In much of Africa, graduate unemployment and underemployment is higher than for those with lower levels of education. In East Africa, according to a story by Gilbert Nganga in University World News of June 2020, 2018, a study by the Inter-University Council of East Africa “shows that Uganda has the worst record, with at least 63% of graduates found to lack job market skills. It is followed closely by Tanzania, where 61% of graduates were ill prepared. In Burundi and Rwanda, 55% and 52% of graduates respectively were perceived to not be competent. In Kenya, 51% of graduates were believed to be unfit for jobs.”

In 2016, the British Council produced a report, Universities, Employability and Inclusive Development covering Ghana, Nigeria, Kenya and South Africa, which our management team found quite alarming as USIU-Africa was ranked lower than its competitors for the employability of its graduates. It prompted us to commission an internal study on the subject. The team consulted existing research and literature, gathered extensive data on the global, regional, and local contexts, carried out a survey of students, faculty, staff, alumni, and employers, and made several recommendations.

They found that employers expected technical, subject, and soft skills. Among the soft skills valued in the current job market, the following stood out: communication and interpersonal skills, problem solving skills, using own initiative and being self-motivated, working under pressure, organizational skills, teamwork, ability to learn, numeracy, valuing diversity and cultural differences, and negotiation skills. For the future, employers identified the skills that would become more critical included the following: literacies in various media, scientific literacy, ICT literacy, financial literacy, curiosity, persistence and grit, adaptability, service orientation, leadership, and social awareness.

Following the survey, the university enhanced its support systems for student employability preparedness. Existing programs for life and soft skills training were strengthened or new ones established. This included reforming general education, improving career training and job fairs, internships, and community service, and creating youth boot camps. The university also sought to infuse innovation and entrepreneurship in its academic curricula and extra-curricular activities by setting up an incubation and innovation center and introducing an assessment system for extra-curricular activities.

Also, we worked hard to enhance partnerships with the private sector, both international and local companies. We enjoyed modest success. Examples include the establishment of an apprenticeship and innovation program by a major local company, an AppFactory by Microsoft, the only one then in Kenya and 14th on the continent. We soon established a presence as an institution that was serious about employability that enabled us to attract the African Development Bank to select our university as one of four for a coding center of excellence and win a competitive bid by the World Bank to provide employability training for more than 30,000 young people in six counties.

As gratifying as these efforts were, it rankled that we failed to attract local companies to support research including those owned or run by members of our own board and council.
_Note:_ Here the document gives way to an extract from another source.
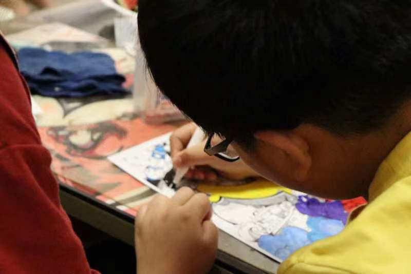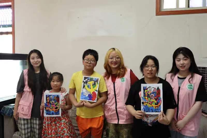 在杜曲街道,實踐團隊成員開展“大手拉小手共慶七一,代代相傳續紅色基因”系列活動——“革命故事聲聲入耳·聽音繪”音樂團輔黨史科普活動、百年血脈躍然紙上·七彩繪牽起你的手彩繪黨史活動,為鄉村困境兒童開展音樂團輔、黨史科普、黨的二十大精神繪畫等活動,將美育和思政課融合,為困境兒童打造以紅色為底色的“七彩假期”。

Similarly, as I noted in a previous reflection, we were unable to crack the door to philanthropic giving from high net worth individuals locally.
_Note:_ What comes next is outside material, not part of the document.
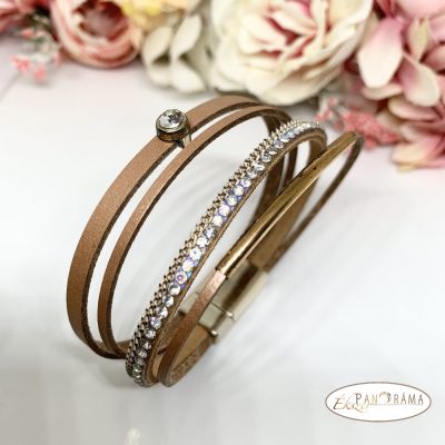 • Divatos bőrhatású karkötő strasszokkal, mágnes zárral - Bronz

Together with the Director of University Advancement and some members of his team we also put considerable efforts to forge partnerships with several embassies from the G20 countries and others that had sizable numbers of students at the university. We were able to secure funding from the US Embassy in Nairobi to establish a state of the art social media lab that produced highly regarded reports on the social media landscape in Kenya. Two of our most entrepreneurial faculty members got a multi-million dollar grant from USAID jointly with an American university for a project on youth employability and empowerment.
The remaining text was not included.